Ao ver a feroz culpa a dona amável
Uma grande mesura em quatro tempos
Graciosa faz, e diz: “A que milagre
Devo eu esta visita? Acaso o orbe,
Que ao peso treme de tuas nobres armas,
Estreito campo é já para teus feitos?
Vens o peito acender da serva tua?
Bem cruel me há de ser esse desastre,
Mas se é teu gosto, sofrerei contente,
A terra beijarei que tu pisares
E acharei na desgraça a glória minha”.
A ardilosa Lisonja assim falando
Toda se curva, e a orla do vestido
Da culpa chega aos lábios; mas a Ira
Prontamente a levanta, e nos seus braços,
Com meneios benévolos, a aperta,
E logo fala: “A tua paz respeito:
Turvar não venho a deliciosa corte
Donde o mundo governas; mas auxílio
Do teu engenho quero”. Aqui lhe conta
A famosa aventura do prelado,
A angústia do ouvidor, e a covardia
Dos ingratos amigos de outro tempo,
E pede que a Lisonja as armas suas
Contra estes empregue. “Que mesquinho
Serviço exiges! (a Lisonja exclama);
Eu podia mandar quatro Zumbaias;
Tanto bastava por vencer o ânimo
Dos rebeldes; mas sendo a vez primeira
Que vens honrar estes quietos paços,
Abater-lhes o colo irei eu mesma
E levá-los de rojo aos pés do Mustre”.
- XV
Com diligente mão os filtros busca,
E seguida da hóspede no espaço
Voa ligeira à plaga fluminense.
À casa dos rebeldes se encaminha,
E a todos, um por um, pela alma dentro,
O seu doce veneno lhes entorna.
De baixa adulação logo tomados,
Vestem-se a toda a pressa, e não podendo
Conter o intenso fogo que os devora,
Aos criados de casa e às quitandeiras
Vão fazendo profundas barretadas.
Tanto a Lisonja vã governa os homens!
- XVI
Abre a sessão de novo o presidente,
E deste modo fala: “Grave caso
Este é, senhores; mas as vossas luzes
Tudo podem vencer.
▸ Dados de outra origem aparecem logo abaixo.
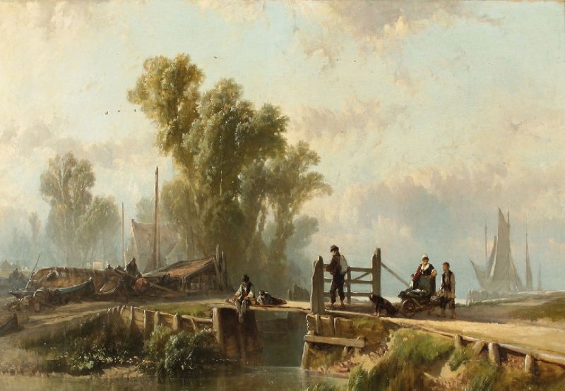 Figuren an einer Schleuse, im Hintergrund das Meer
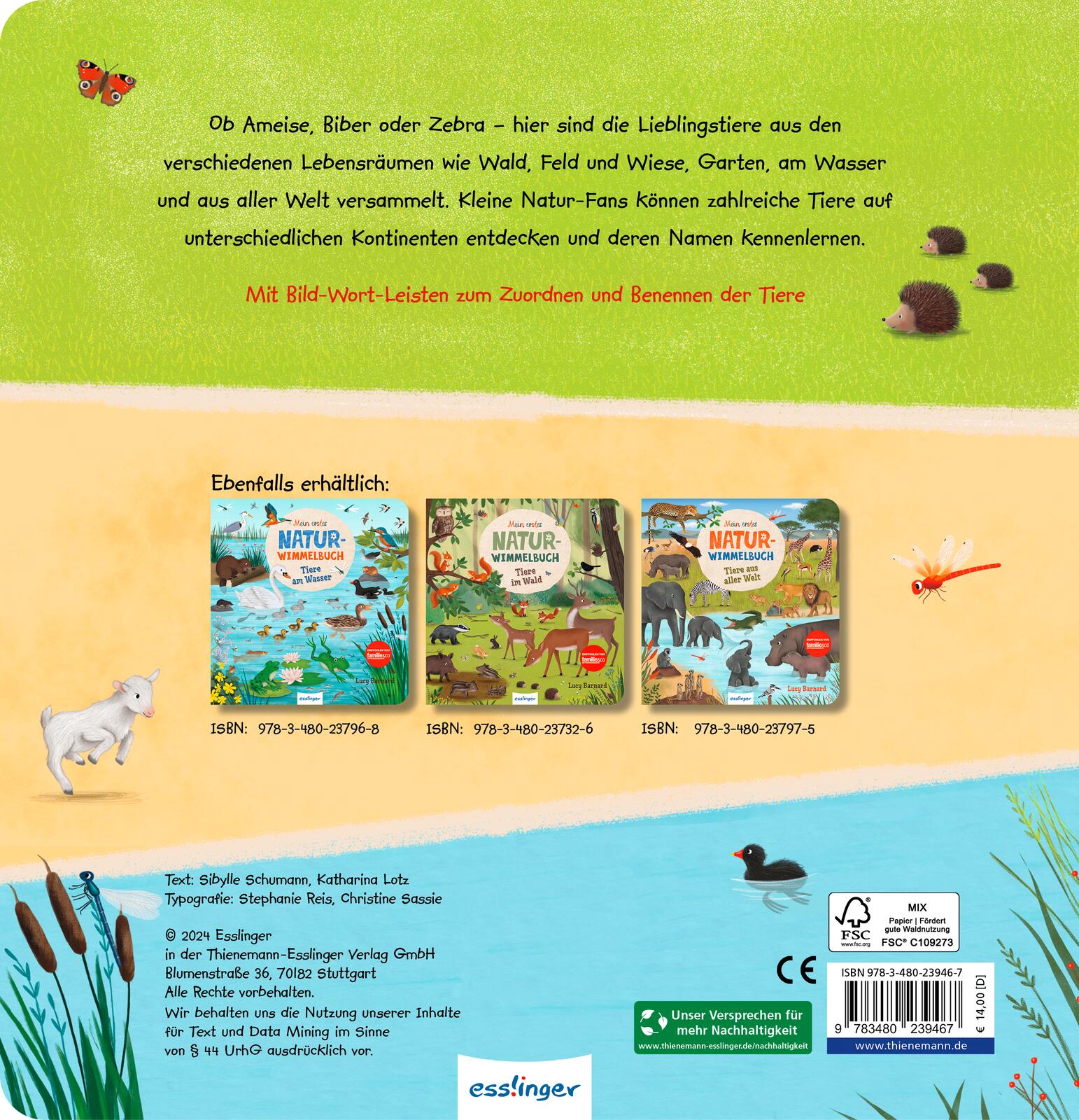 In diesem ersten Natur-Wimmelbuch entdecken Kinder ganz spielerisch die Natur und die Jahreszeiten: Ob Ameise, Biber oder Zebra - hier sind alle Lieblingstiere aus den verschiedenen Lebensräumen wie Wald, Feld und Wiese, Garten, am Wasser und aus aller Welt versammelt.
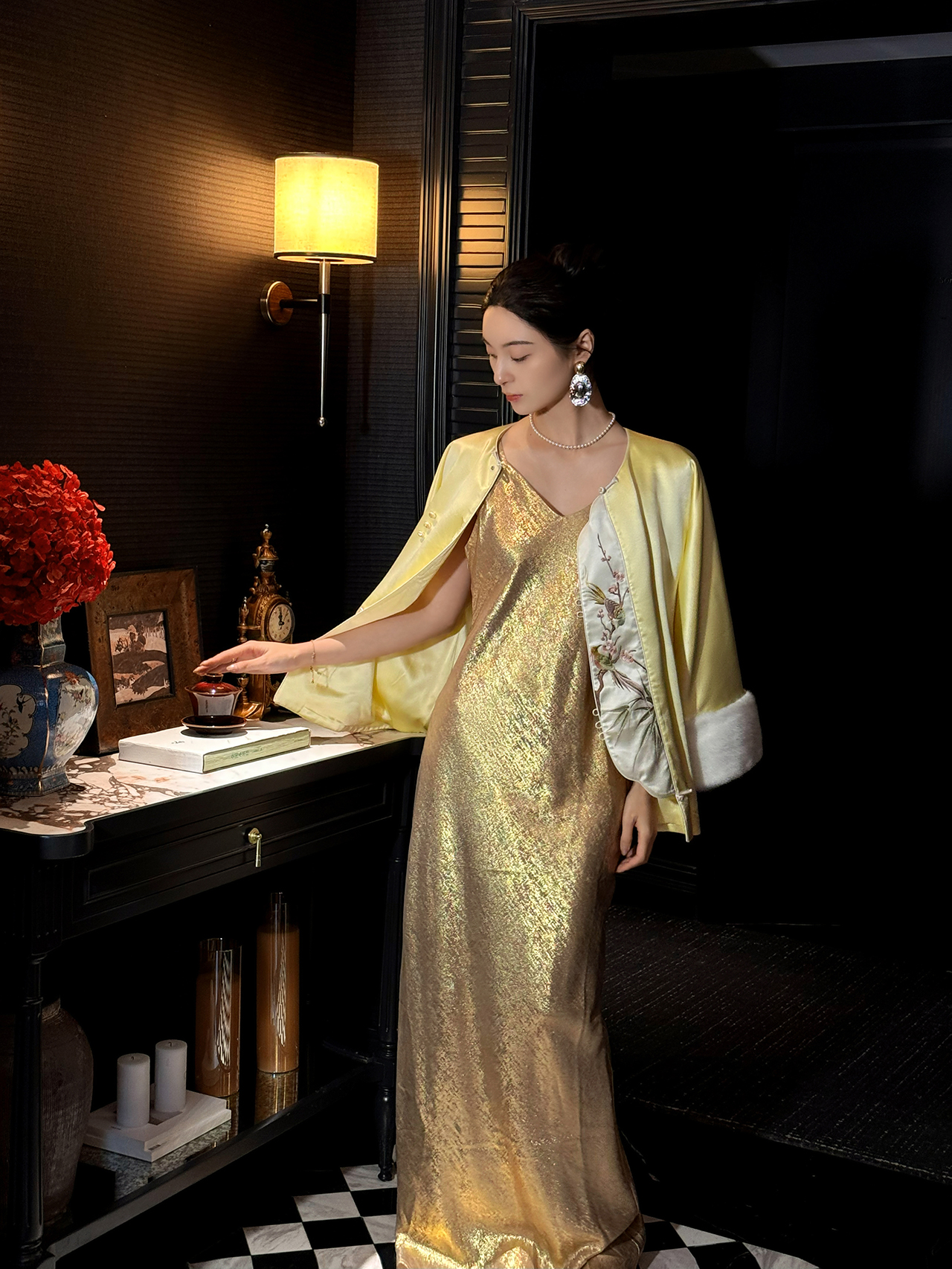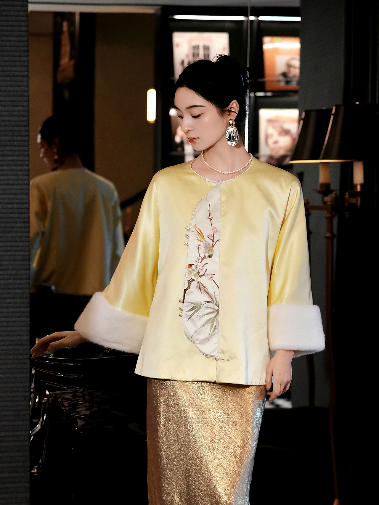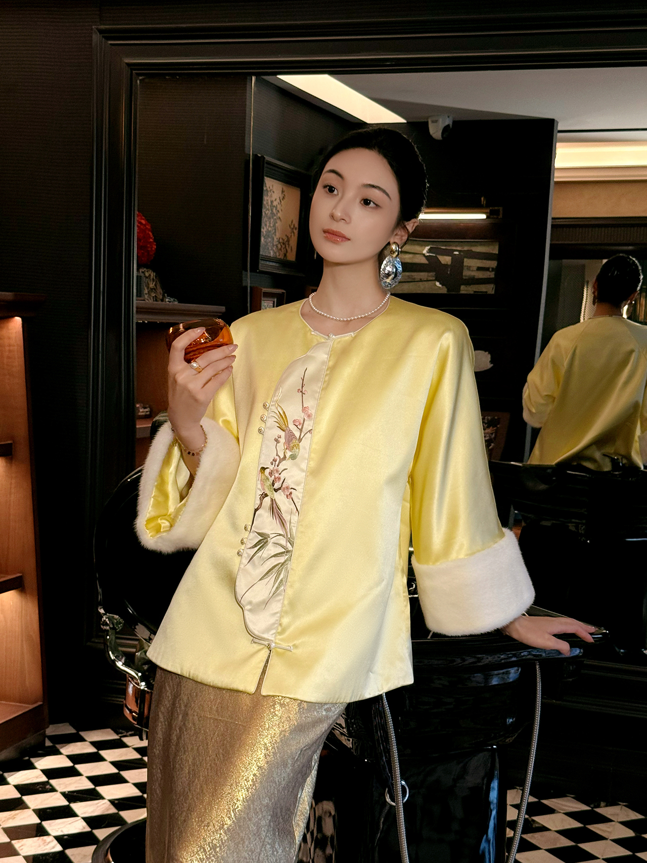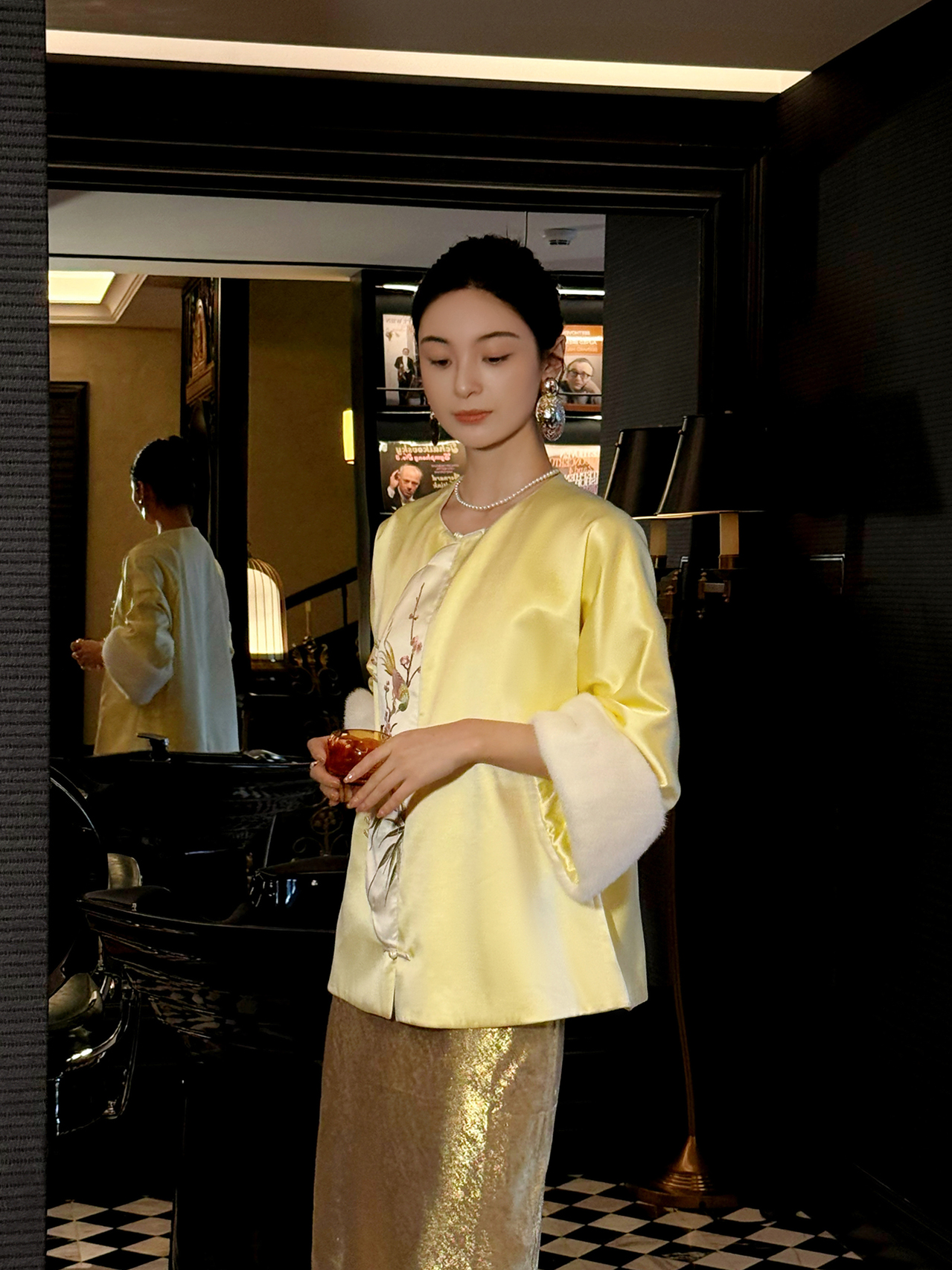 盛唐牡丹大师系列-卢梅红 | 黄执丝毛手绣水貂棉外套

Em meu conceito
Recusar não podemos o protesto,
E muito embora formidável seja
O prelado, não creio que devamos
Sem amparo deixar as leis do Estado.
Nem poupar desta vez um grande golpe
No atrevido pastor”. Com todo o zelo
Examinado o singular assunto,
O Senado resolve em pouco tempo
Que ao regedor supremo da cidade
Os papéis se remetam com protesto
Do povo, e petição em nome dele
Por que anulada seja sem demora
A excomunhão, e feito este decreto
Voam dali aos paços do Alvarenga.
- XVII
O alcaide-mor, que os meios estudava
De praticar no esmorecido povo,
Com a aguda lanceta do Senado,
Uma sangria nova, cortesmente
Os faz sentar e prazenteiro os ouve,
E depois de os ouvir com grande pausa,
A petição da Câmara recebe
Sem muita hesitação; mas porque seja
O caso novo, e caminhar convenha
Sem da igreja ferir os santos foros,
Manda o governador que se convidem
Os diversos teólogos da terra,
O reitor do Colégio, o Dom Abade,
O guardião dos filhos de Francisco,
Frei Basílio, prior dos Carmelitas,
E alguns licenciados de mão cheia,
Que o nó desfaçam deste ponto escuro.